:: About this task ::
Everything from the line containing "Ideje a Polly" through the line containing "บะหมี่กึ่งสำเร" should be repeated exactly, and nothing else from the data.

:: Data for this task ::
○ ○ ○

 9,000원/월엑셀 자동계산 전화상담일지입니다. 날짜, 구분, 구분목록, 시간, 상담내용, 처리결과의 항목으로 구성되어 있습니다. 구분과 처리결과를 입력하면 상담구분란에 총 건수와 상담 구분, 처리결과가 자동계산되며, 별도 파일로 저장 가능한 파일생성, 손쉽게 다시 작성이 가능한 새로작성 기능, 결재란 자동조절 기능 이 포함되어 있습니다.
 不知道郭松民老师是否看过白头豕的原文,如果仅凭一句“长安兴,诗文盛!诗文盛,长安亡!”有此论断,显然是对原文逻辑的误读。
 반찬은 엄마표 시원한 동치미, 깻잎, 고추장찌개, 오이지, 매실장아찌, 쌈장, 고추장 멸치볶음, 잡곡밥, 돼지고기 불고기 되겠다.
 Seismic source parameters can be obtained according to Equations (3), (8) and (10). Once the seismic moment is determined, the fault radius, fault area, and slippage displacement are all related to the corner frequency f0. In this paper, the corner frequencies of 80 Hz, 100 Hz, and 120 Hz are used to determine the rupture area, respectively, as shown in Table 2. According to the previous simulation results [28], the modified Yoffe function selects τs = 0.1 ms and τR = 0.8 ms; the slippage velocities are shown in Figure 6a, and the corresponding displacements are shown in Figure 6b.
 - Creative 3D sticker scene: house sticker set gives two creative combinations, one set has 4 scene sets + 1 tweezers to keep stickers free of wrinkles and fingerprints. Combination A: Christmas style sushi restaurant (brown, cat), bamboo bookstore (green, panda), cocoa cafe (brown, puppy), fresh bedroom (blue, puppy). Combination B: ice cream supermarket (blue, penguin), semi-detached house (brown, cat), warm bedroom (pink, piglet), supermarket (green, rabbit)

○ ○ ○

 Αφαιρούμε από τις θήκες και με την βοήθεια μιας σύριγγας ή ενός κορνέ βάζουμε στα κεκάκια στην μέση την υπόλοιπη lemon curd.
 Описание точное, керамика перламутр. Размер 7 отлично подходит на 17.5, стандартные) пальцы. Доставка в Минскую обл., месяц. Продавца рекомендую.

○ ○ ○

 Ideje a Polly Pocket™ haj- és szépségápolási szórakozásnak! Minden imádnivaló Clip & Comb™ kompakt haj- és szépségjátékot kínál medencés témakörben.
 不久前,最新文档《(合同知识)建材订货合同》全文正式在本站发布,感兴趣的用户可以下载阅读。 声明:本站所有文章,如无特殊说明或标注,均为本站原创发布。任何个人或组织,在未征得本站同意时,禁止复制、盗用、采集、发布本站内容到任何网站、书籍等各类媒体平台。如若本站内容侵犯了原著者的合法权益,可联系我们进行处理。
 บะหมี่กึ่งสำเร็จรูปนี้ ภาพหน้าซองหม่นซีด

○ ○ ○

:: Exercise result ::
 Ideje a Polly Pocket™ haj- és szépségápolási szórakozásnak! Minden imádnivaló Clip & Comb™ kompakt haj- és szépségjátékot kínál medencés témakörben.
 不久前,最新文档《(合同知识)建材订货合同》全文正式在本站发布,感兴趣的用户可以下载阅读。 声明:本站所有文章,如无特殊说明或标注,均为本站原创发布。任何个人或组织,在未征得本站同意时,禁止复制、盗用、采集、发布本站内容到任何网站、书籍等各类媒体平台。如若本站内容侵犯了原著者的合法权益,可联系我们进行处理。
 บะหมี่กึ่งสำเร็จรูปนี้ ภาพหน้าซองหม่นซีด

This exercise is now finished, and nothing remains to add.